Ольма села за стол и принялась за трапезу. На обед подали рыбу, крылышки куропатки, зелень, фрукты и молодое вино. Она решила разделить пищу с Флавией, когда вернется, чтобы искупить свою жестокость. И, когда понурая служанка несмело вошла в обеденную комнату, неся чашу с розовой водой, Ольма ласково ей улыбнулась.
— Прости мои слова, Флавия. Не держи зла.
— Я не обиделась на вас, госпожа, — пролепетала девочка. — К тому же… вы сказали все верно…
— Ну вот и славно. Не грусти, моя дорогая. Принеси еще одну тарелку и раздели со мной обед.
Флавия посмотрела на госпожу с огромным удивлением и Ольма одарила ее новой улыбкой. Если нужно усыпить бдительность всех, кто в ее окружении, слуги тоже входят в это число. Главное — не позволять им слишком многое.
Так прошло еще несколько дней — быстрых, теплых и немного душных. Ранняя осень в Ветамии немногим отличалась от позднего лета, разве что листва олив, дубов и кипарисов сменила окрас с зеленого на желтый и красный. Сет смеялся и декламировал стихи про янтарное золото и яркую медь, которыми Мириты окрашивают природу, готовя ее к зиме.
Слушая этого энергичного черноволосого человека со смуглой кожей и карими теплыми глазами, Ольма сдержанно улыбалась и понимала, что никогда не сможет полюбить его. Не потому, что он ей противен или отвратителен с виду — нет, это не так. Но она не испытывала к императору ни одного любовного чувства, как бы не искала их в глубине своей измученной души.
А его, судя по беспечному поведению, вовсе не заботило отношение жены к нему.

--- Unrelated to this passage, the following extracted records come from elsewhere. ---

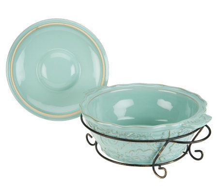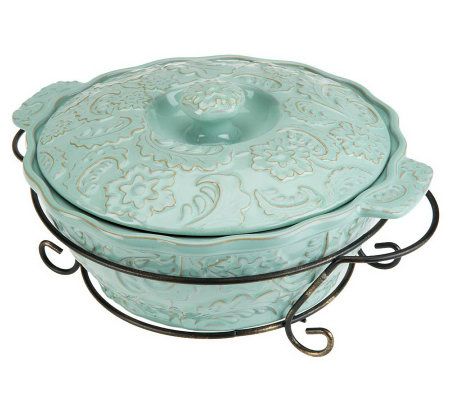 It almost doesn't matter what's inside this covered baker. It's so beautiful, it'll be the star of any dinner table. The embossed design on the sculpted, handpainted piece gives it a gorgeous look. From Temp-tations(R) Ovenware.
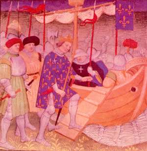Saint Louis (Louis IX) réunit ses chevaliers à Paris pour préparer sa deuxième croisade en Terre Sainte.
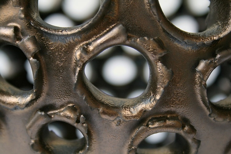 As I have found some distance from grad school, my ceramic art has become much more detail-oriented. My grad work covered phenomenon deeply related to the way atoms are arranged in metals, and I spent many hours staring at these geometric patterns over the course of my studies. Now, I spend much of my time in the studio punching divots or pierced holes into these same patterns. I have recently started a board on pinterest (rdboyer or 2nd "shop website" link on left) called "Materials" that contains images representing some of my scientific inspirations.
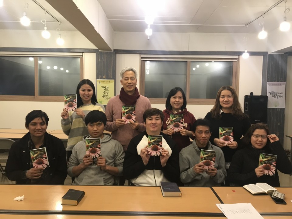 | '책'을 들고 함께 사진을 찍은 미얀마 성도들과 이명재목사 |
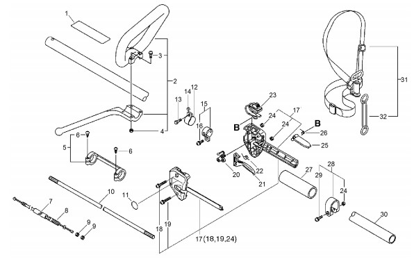 Gestänge, Griff, Tragegurt bis S.-Nr.: 047131
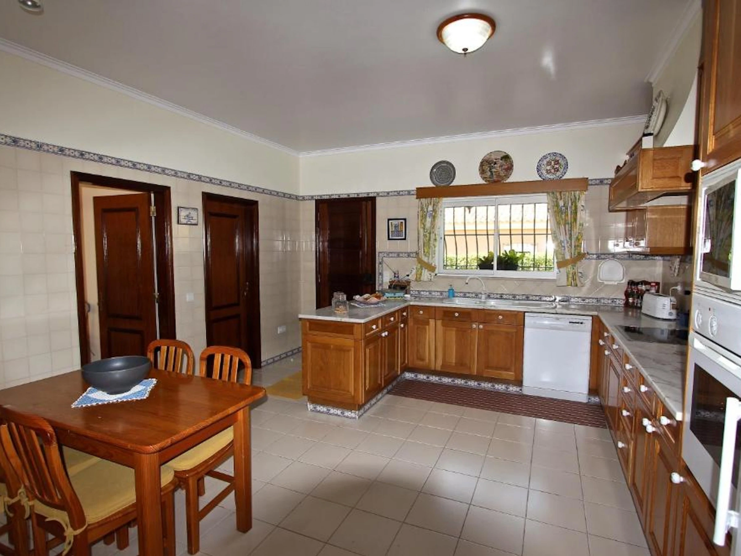 La cuisine, est équipée avec micro-ondes, four, lave-vaisselle, cafetière et grille pain.
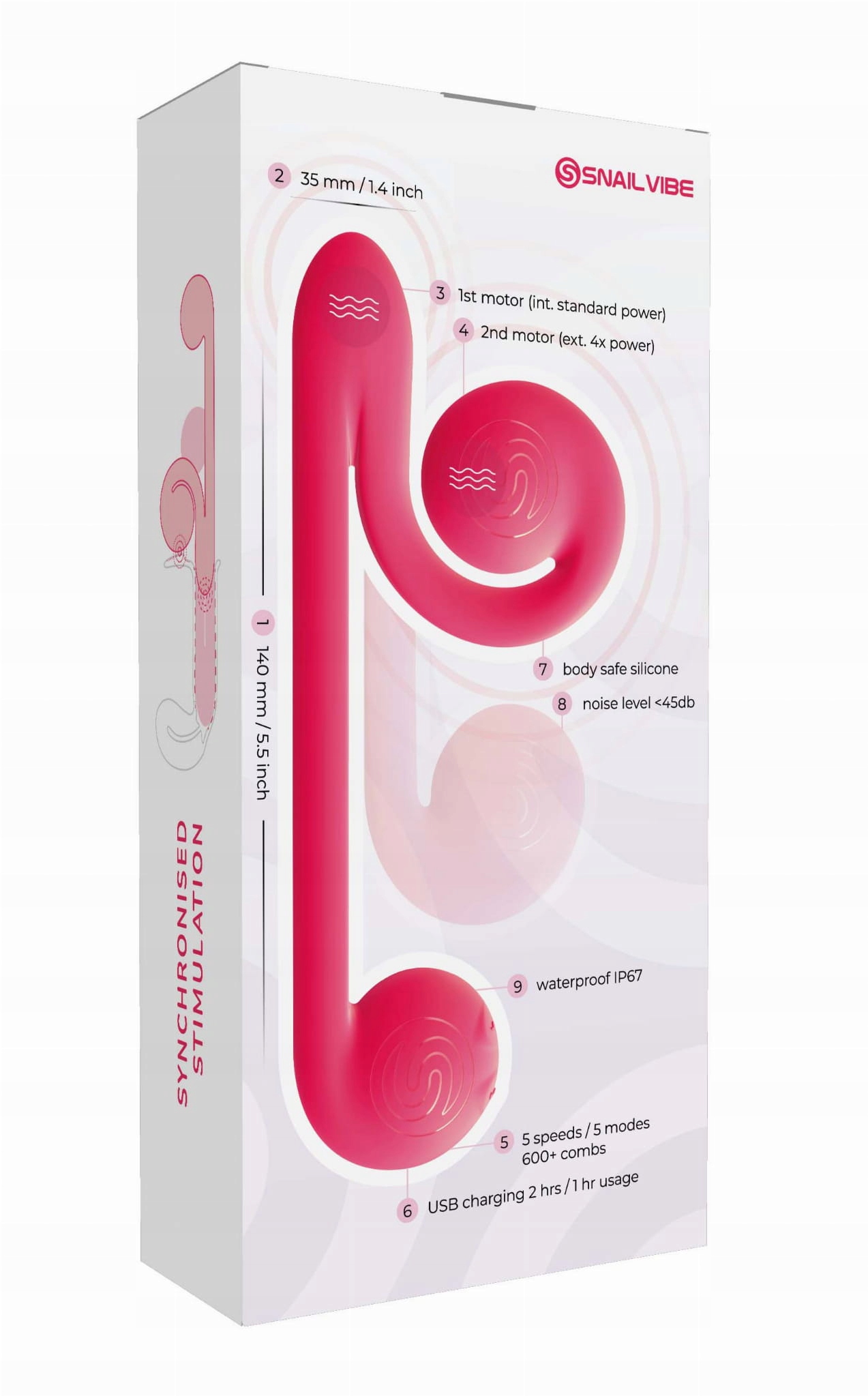 Snail Vibe поєднує в собі всі особливості найпопулярніших еротичних гаджетів: надзвичайну потужність вібратора, рух вперед-назад вібратора push-up, вагінальну стимуляцію та одночасну стимуляцію клітора. Це можливо завдяки унікальній запатентованій формі спіралі та індивідуальній роботі 2 двигунів.

Зачем тогда Сет вообще выбрал в жены первую же девушку из толпы? Пусть она и благородная, пусть и повелевает жизнью, но прежде Ольма льстила себе мыслью, что императору приглянулись в ней не только эти
А потом ей в голову пришла идея побега.
Этот план, легкий в исполнении, как казалось на первый взгляд, мог стоить жизни страже, рабам, прислуге и даже Флавии. Если император разгневается, то может казнить всех, кто встанет на его пути. Ольма видела, с какой яростной ненавистью Сет смотрел на Брентора, и больше всего боялась их столкновения. О будущем слуг она старалась не думать.
***
Магия входила в сон Ольмы каждую ночь. Даже после исполнения супружеского долга с Сетом она погружалась в свою вторую ипостась. Светловолосая молодая женщина в длинном белом платье до пят и черной накидке стремительно перемещалась между разными домами Фиалама. От нищих лачуг до роскошных поместий. Везде рождались дети и везде нужна была ее помощь.
Прав тот, кто говорит, что дети в Фиаламе рождаются по ночам.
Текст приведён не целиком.